Feb 28, 2007 - 5:00:00 AM
The findings could also apply to nerves other than peripheral nerves, because macrophages activated during stroke, multiple sclerosis injury, and spinal cord injury also express NgR1 on their surface, pointed out the researchers.

 
[RxPG] Macrophages are the immune cells that engulf and destroy the debris of damaged tissue to enable the healing process to begin. Their presence at the scene of damage is critical, but once their task is complete, it is just as critical that macrophages exit rapidly, ending the inflammatory process and making way for regrowth. In fact, the continued presence of macrophages could damage tissue, compromising repair.

While researchers know a great deal about the molecular machinery that launches this cellular cleanup crew into action, little has been known about the just-as-critical exit process.

Now, researchers have identified a key process by which macrophages are cleared from sites of peripheral nerve injury. The scientists say their findings could also have implications for understanding the same fundamental mechanism in spinal cord injury, stroke and multiple sclerosis.

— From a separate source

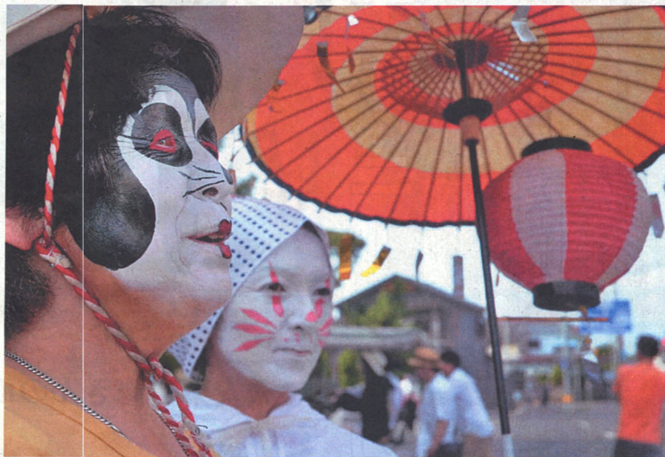
ニコンD300s、AF-S16-85mmズーム、F5.6、250分の1秒、ISO400

ろうか?と、見れば見るほど想像が膨らみ引き込まれてしまいます。これほど強烈な被写体に「踊らされ」ることなく、キツネ踊りに不可欠なカラフルな和傘とちょうちんが気持ち良い場所に収まっています。冷静にしっかりした構図の作品になっています。(写真映像センター・元木隆介)

Samuel David and colleagues published their findings in the March 1, 2007 issue of the journal Neuron, published by Cell Press.

The researchers concentrated on a family of cell receptors known as Nogo receptors, already known to be present on nerve cells and to play a role in nerve growth. Specifically, David and colleagues explored the role of one such Nogo receptor, NgR1. Receptors such as NgR1 are protein switches that nestle in the membranes of cells, and which induce a cellular response when triggered by a specific chemical signal, or ligand.

In the researchers' experiments, they induced damage in the sciatic nerve in the thigh of rats and mice and analyzed the role of NgR1 in the repair process.

They found that macrophages showed the presence of NgR1 on their surface once they arrive at the injury site and began their cleanup. Further experiments revealed that as the healing nerve began to form the protein myelin—the insulating sheath around nerves—this receptor not only caused a reduction in the macrophages' binding to myelin, but also an outright repulsion from the forming myelin. In fact, when the researchers created nerve injury such that new myelin would not be formed, the macrophages continued to lurk around the injury site. The researchers' experiments also identified specific molecules on myelin that triggered such repulsion.

The findings could also apply to nerves other than peripheral nerves, because macrophages activated during stroke, multiple sclerosis injury, and spinal cord injury also express NgR1 on their surface, pointed out the researchers.

Our discovery of this novel (to our knowledge) role for NgRs in mediating the efflux of macrophages from inflamed neural tissue via interactions with myelin could therefore have broader implications for the regulation of inflammatory responses not only in other peripheral nerve pathologies, but also in [central nervous system] inflammation such as in spinal cord injuries, stroke, and multiple sclerosis, they concluded.